Will you output all of the data below exactly, omitting the images?

**Data:**

+--

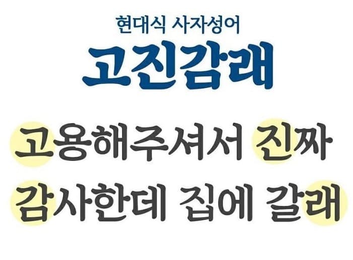 최근에는 고진감래의 원래 의미와는 다르게 '고용해 주셔서 진짜 감사한데 집에 갈래'라는 신조어로도 사용되고 있습니다. 이는 직장의 연봉이나 복지 등에 불만을 품은 직장인들이 퇴사를 희망하는 마음을 담은 표현입니다.
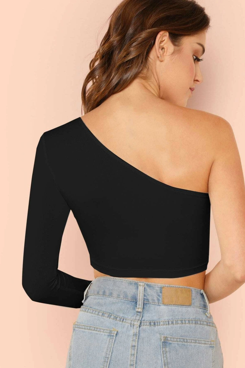 One Shoulder Black Crop Top
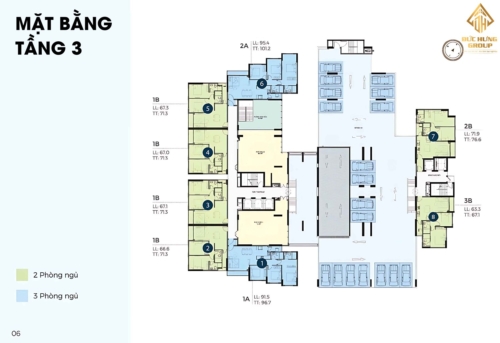 – Căn hộ 1A: 3PN – 2WC, có diện tích lọt lòng: 91.7m2 và diện tích tim tường: 96.7m2
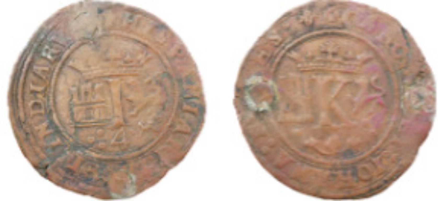 DESCRIPCIÓN ADICIONAL: variedad tres puntos antes del 4, oMo, segundo tipo “Carolus”, VF detalles reparado de perforaciones, buena troquelación

+--

**Task output:**
 최근에는 고진감래의 원래 의미와는 다르게 '고용해 주셔서 진짜 감사한데 집에 갈래'라는 신조어로도 사용되고 있습니다. 이는 직장의 연봉이나 복지 등에 불만을 품은 직장인들이 퇴사를 희망하는 마음을 담은 표현입니다.
 One Shoulder Black Crop Top
 – Căn hộ 1A: 3PN – 2WC, có diện tích lọt lòng: 91.7m2 và diện tích tim tường: 96.7m2
 DESCRIPCIÓN ADICIONAL: variedad tres puntos antes del 4, oMo, segundo tipo “Carolus”, VF detalles reparado de perforaciones, buena troquelación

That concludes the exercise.